> [Provided data]

━━━

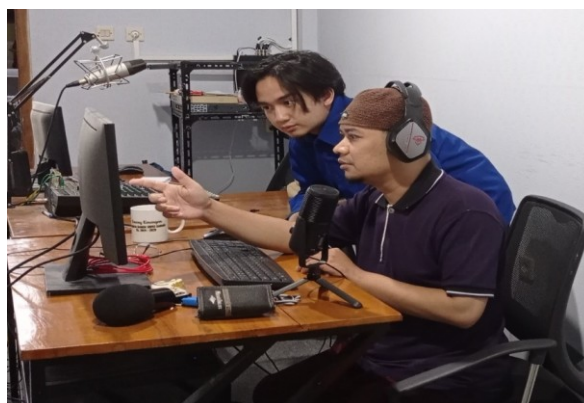
Gambar 4. Proses Pengajaran kepada Kru Binbaz TV

Praktik dakwah digital kepada semua kru mulai diterapkan di Binbaz TV. Pada tahap ini pendamping akan mengupgrade aplikasi paska produksi yang terbaru dan lebih canggih sehingga program yang dihasilkan akan berkualitas terbaik dan mudah diterima oleh keluarga muslim dimanapun berada. Satu persatu aplikasi yang ada di cek oleh pendamping dan di up grade menyesuaikan spesifikasi dari perangkat yang ada. Pendamping memonitor didalam ruang studio paska produksi dan menginstal aplikasi yang relevan.
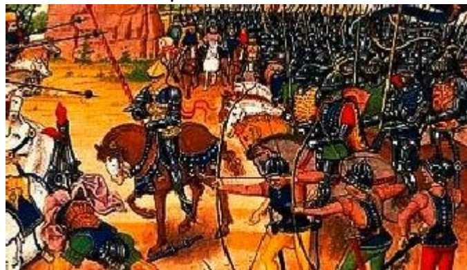
La bataille de Poitiers
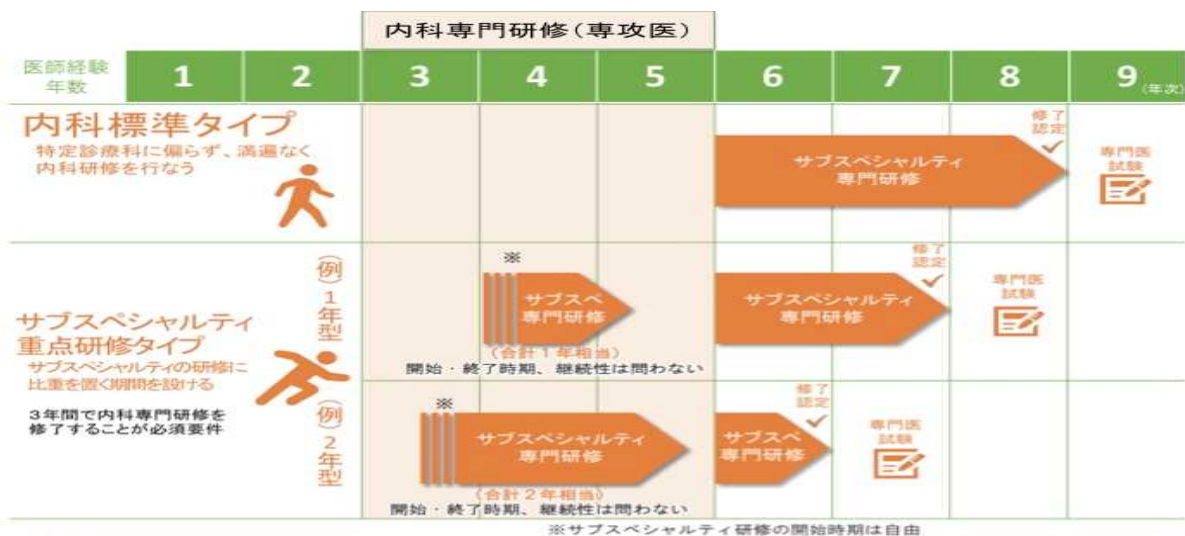
図 2.内科専門研修とサブスペシャリティ専門研修の連動研修（概念図）

なお、内科専門研修終了の要件を満たす限りにおいて、サブスペシャリティ分野の専門研修を平行あるいは混合して研修することも可能です。一例として、内科専門研修 3年間のうち 1～2年間にサブスペシャリティ重点研修とする概念図を示します。（図 2）
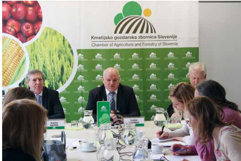
Vodstvo KGZS je predstavilo uspešno delo v letu 2017 in načrte za leto 2018.

Na KGZS opozarjajo, da je treba spremeniti nacionalno zavest in ravnanje pri posegih v prostor, spoštovati že sprejete mehanizme, čim prej vzpostaviti trajno varovana zemljišča,
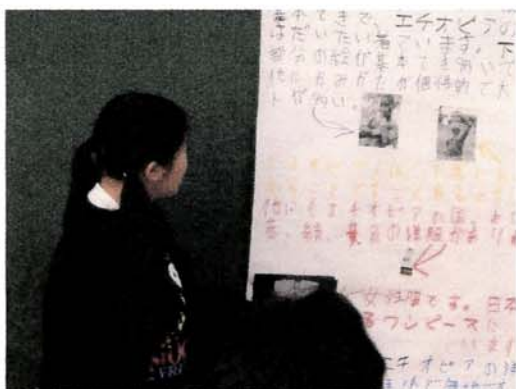
エチオピアの歴史や衣装、食べ物などについてグループごとに調べたことを発表しました。
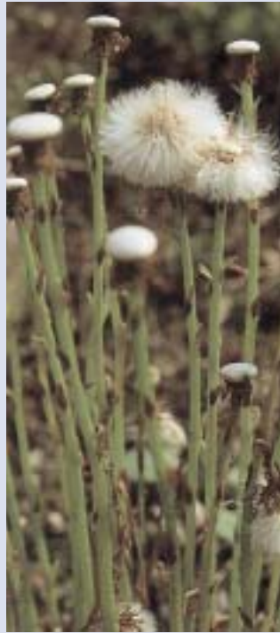
Huflattich ( Tussilago farfara )
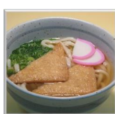
⑬きつねうどん (単品) ¥600 (税込)
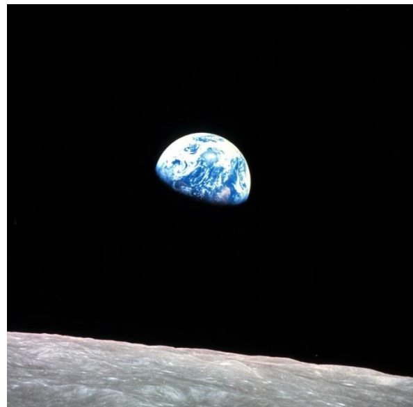
Afbeelding 3: Earthrise
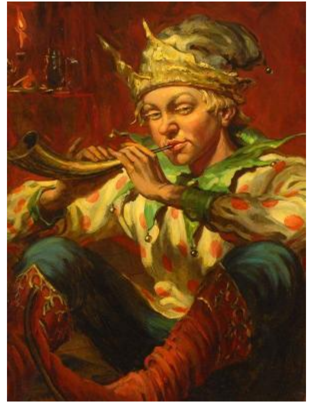
Скоморох в России 18 века

До Петра I был издан царский указ, который запрещал скоморохам участвовать в торжествах и повелевал уничтожать их маски и музыкальные инструменты. Поэтому, начиная с этого времени, музыканты, исполняющие народные песни, переходили на нелегальное положение и лишались всех привилегий.
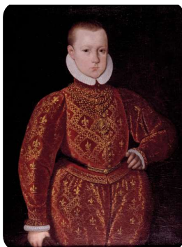
Chr. IV 1585 - 8 år Venligst udlånt af:

Hans lærer var magister heldige omstændigheds og teenagerens 840 opgaver blev det undervisning var pædagogiske tænkning, fik opgaver i brevform, der tanker.
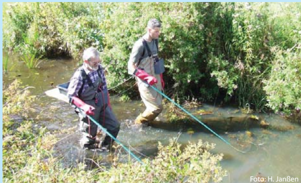
Abb. 9 Elektrofischung an der Großen Süderbäke

daher oft sinnvoll. Von Interesse ist dabei auch die Anzahl der Individuen je Art und deren Altersverteilung, da diese Informationen Rückschlüsse auf die Naturnähe des Gewässers zulassen (Abb. 9).
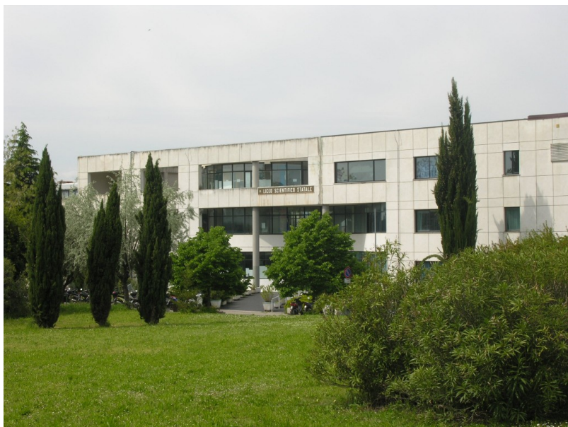
Attuale sede Liceo Scientifico Marie Curie di Giulianova.
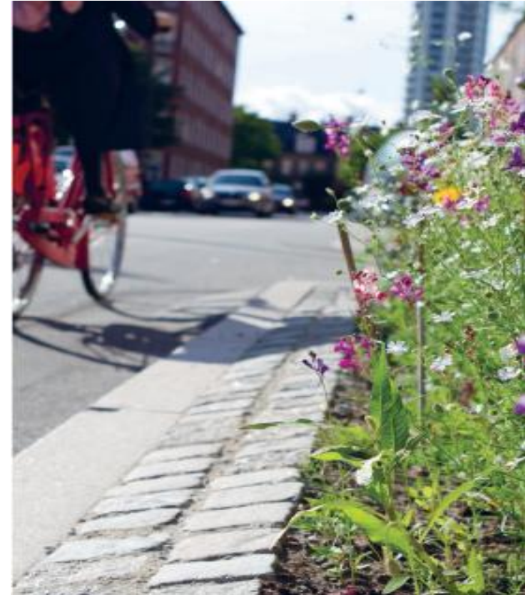
Blomstrende By på Vesterbro
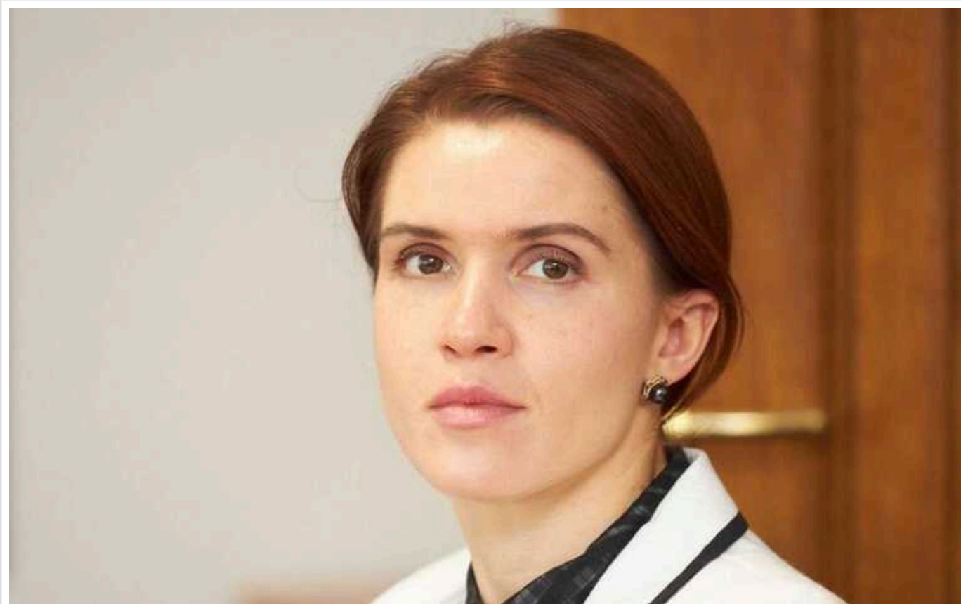
Безугла обурилась роботою над законопроектом про мобілізацію та знову залишила засідання комітету

Народна депутатка Мар'яна Безугла знову різко висловилася про роботу Комітету ВРУ з питань національної безпеки, оборони та розвідки та розгляд законопроекту про мобілізацію. До того ж вона залишила засідання, поки "не почнется конкретика".
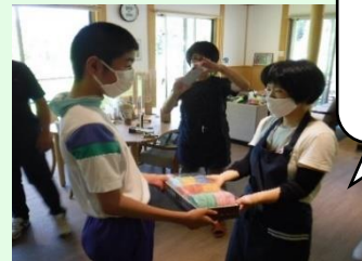
ともいきの里東弥
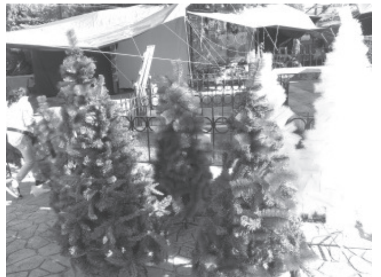
Los comerciantes de esta temporada mantendrán los mismos precios del año pasado. Están conscientes de los problemas económicos que se viven las familias zitacuarenses, por la pandemia.

Como acuerdo con la autoridad, en cada puesto hay un número limitado de personas, todos deben usar de forma obligatoria el cubrebocas y disponen de gel antibacterial.
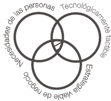
Ilustración 1 Necesidades de las personas, Tecnológicamente factible, Estrategia Viable de Negocio

productos o servicios hasta la mejora de procesos o la definición de modelos de negocio. Su aplicabilidad tiene como límites nuestra propia imaginación.
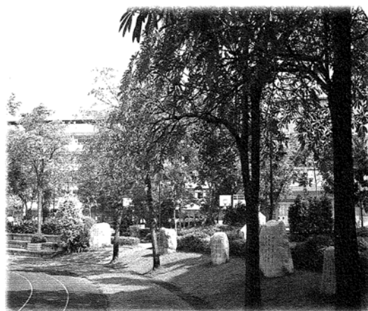
圖一 明道人文環境-文學步道
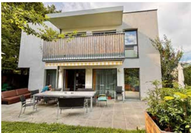
Das ist die WG Liesing.
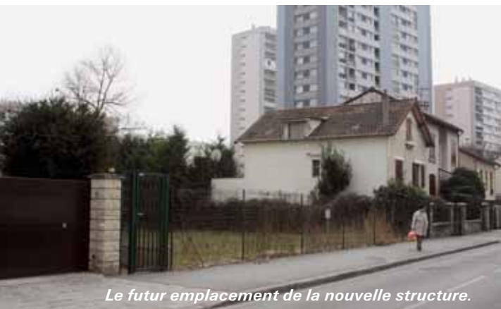
Le futur emplacement de la nouvelle structure.

E n 2013, un nouvel équipement ouvrira ses portes au 66, avenue de la Marne. D'environ 1 300 m 2 , il abritera le centre socio-culturel du quartier et une nouvelle crèche. Le premier permettra aux
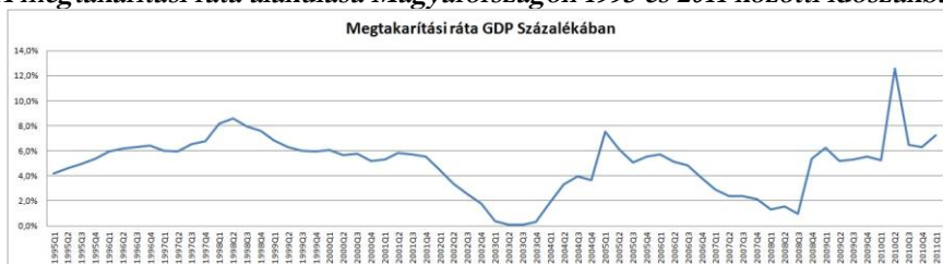
A megtakarítási ráta alakulása Magyarországon 1995 és 2011 közötti időszakban
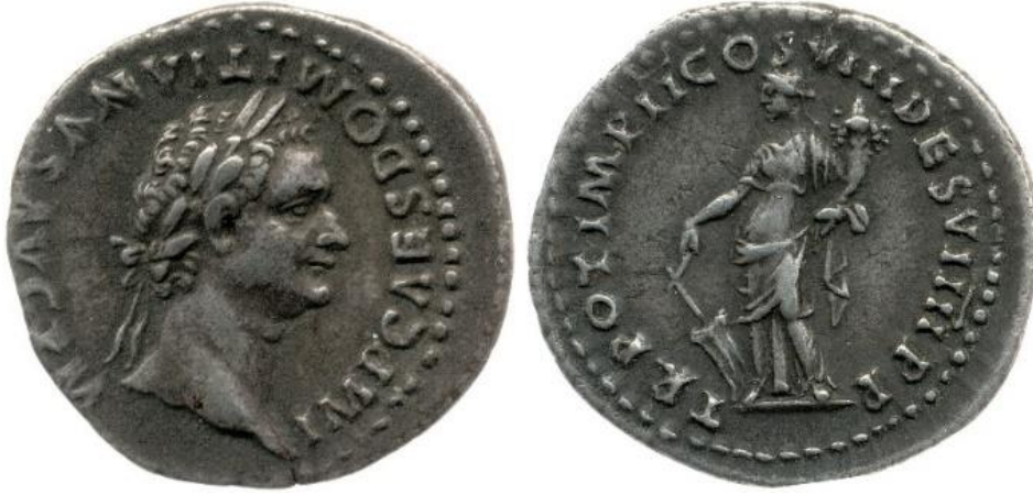
EK 25. MS 82 yılında, Roma’da basılmış bir denarius. Ön yüzde; IMP CAES DOMITIANVS AVG P M yazısı ve defne yaprakları ile süslenmiş bir taç takmış ve sağa dönük bir şekilde duran imparator Domitianus ve arka yüzde TR POT IMP II COS VIII DES VIII P P yazısı ve sola dönük bir şekilde ayakta duran bir yeke ve sol elinde cornucopia tutan Fortuna. (3.41gr) (RIC II, Part 1 Domitian 141) ( https://www.britishmuseum.org/collection/object/C_BNK-R-312 Erişim Tarihi 21.03.2023)

━━━

> [Exercise instructions]
Output only the lines above from the one containing "До Петра I был" to the one containing "daher oft sinnvoll.", both included, exactly as written and with no pictures.

> [Your solution]
До Петра I был издан царский указ, который запрещал скоморохам участвовать в торжествах и повелевал уничтожать их маски и музыкальные инструменты. Поэтому, начиная с этого времени, музыканты, исполняющие народные песни, переходили на нелегальное положение и лишались всех привилегий.
Chr. IV 1585 - 8 år Venligst udlånt af:

Hans lærer var magister heldige omstændigheds og teenagerens 840 opgaver blev det undervisning var pædagogiske tænkning, fik opgaver i brevform, der tanker.
Abb. 9 Elektrofischung an der Großen Süderbäke

daher oft sinnvoll. Von Interesse ist dabei auch die Anzahl der Individuen je Art und deren Altersverteilung, da diese Informationen Rückschlüsse auf die Naturnähe des Gewässers zulassen (Abb. 9).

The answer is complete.